L’entreprise n’a jamais souhaité faire un nouvel investissement pour remplacer son système informatique commercial, avec pour seule raison que l’application en COBOL faisait le travail parfaitement et qu’un redéveloppement n’amènerait aucune plus-value au quotidien. Argument imparable ! Pourtant, un jour, il faudra bien changer le pauvre SPARC T1 et son container SOLARIS 8.
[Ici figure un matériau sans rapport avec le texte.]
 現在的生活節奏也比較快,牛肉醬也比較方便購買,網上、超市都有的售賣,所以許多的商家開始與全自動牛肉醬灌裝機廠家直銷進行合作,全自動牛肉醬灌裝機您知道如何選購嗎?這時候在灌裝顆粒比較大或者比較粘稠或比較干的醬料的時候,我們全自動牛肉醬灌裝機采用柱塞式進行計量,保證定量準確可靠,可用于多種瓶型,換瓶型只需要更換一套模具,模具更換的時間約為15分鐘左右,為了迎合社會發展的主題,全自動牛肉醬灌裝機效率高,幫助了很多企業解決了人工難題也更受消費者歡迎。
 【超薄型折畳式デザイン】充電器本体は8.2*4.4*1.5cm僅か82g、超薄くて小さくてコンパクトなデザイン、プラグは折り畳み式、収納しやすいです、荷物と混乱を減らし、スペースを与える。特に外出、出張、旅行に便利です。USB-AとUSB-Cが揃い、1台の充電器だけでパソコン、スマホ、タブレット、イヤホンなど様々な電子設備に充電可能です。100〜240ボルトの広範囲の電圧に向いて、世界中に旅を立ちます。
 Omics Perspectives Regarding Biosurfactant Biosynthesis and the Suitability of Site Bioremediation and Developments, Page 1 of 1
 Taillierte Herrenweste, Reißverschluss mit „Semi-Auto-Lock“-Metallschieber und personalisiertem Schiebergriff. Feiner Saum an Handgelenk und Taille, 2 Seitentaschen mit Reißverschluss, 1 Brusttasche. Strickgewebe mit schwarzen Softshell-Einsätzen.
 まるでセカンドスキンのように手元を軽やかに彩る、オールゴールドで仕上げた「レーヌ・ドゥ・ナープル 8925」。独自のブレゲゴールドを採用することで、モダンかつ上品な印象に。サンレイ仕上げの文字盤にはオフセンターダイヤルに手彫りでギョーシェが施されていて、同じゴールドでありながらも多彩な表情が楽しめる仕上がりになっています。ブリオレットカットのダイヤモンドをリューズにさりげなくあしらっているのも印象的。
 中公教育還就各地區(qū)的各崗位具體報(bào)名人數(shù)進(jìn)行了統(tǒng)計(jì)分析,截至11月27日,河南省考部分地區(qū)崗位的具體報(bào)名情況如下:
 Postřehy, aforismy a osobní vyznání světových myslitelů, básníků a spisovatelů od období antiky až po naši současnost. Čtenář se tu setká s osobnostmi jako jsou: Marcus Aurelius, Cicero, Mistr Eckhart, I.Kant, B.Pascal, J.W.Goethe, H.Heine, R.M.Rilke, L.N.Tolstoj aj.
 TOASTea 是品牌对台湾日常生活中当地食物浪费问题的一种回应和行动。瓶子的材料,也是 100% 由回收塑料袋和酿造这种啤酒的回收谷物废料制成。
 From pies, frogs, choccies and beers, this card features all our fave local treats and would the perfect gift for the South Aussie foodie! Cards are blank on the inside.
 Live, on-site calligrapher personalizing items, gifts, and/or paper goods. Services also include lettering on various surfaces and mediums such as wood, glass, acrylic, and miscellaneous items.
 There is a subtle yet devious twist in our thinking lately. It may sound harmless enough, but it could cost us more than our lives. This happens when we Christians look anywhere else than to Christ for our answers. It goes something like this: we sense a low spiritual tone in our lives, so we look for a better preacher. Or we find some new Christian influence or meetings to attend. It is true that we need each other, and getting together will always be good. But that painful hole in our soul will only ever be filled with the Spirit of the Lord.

Quelques chiffres ! La Présence du COBOL en 2017
- Elaboration des systèmes informatiques bancaires 43%
- Utilisation des transactions bancaires personnelles 80%
- Echanges Cartes Bleues dans le monde 95%
Pour conclure, jeunes ingénieurs !
Si vous êtes malins, engouffrez-vous dans le développement COBOL !!! C’est une valeur sûre avec des postes très bien payés qui demandent simplement du sang neuf.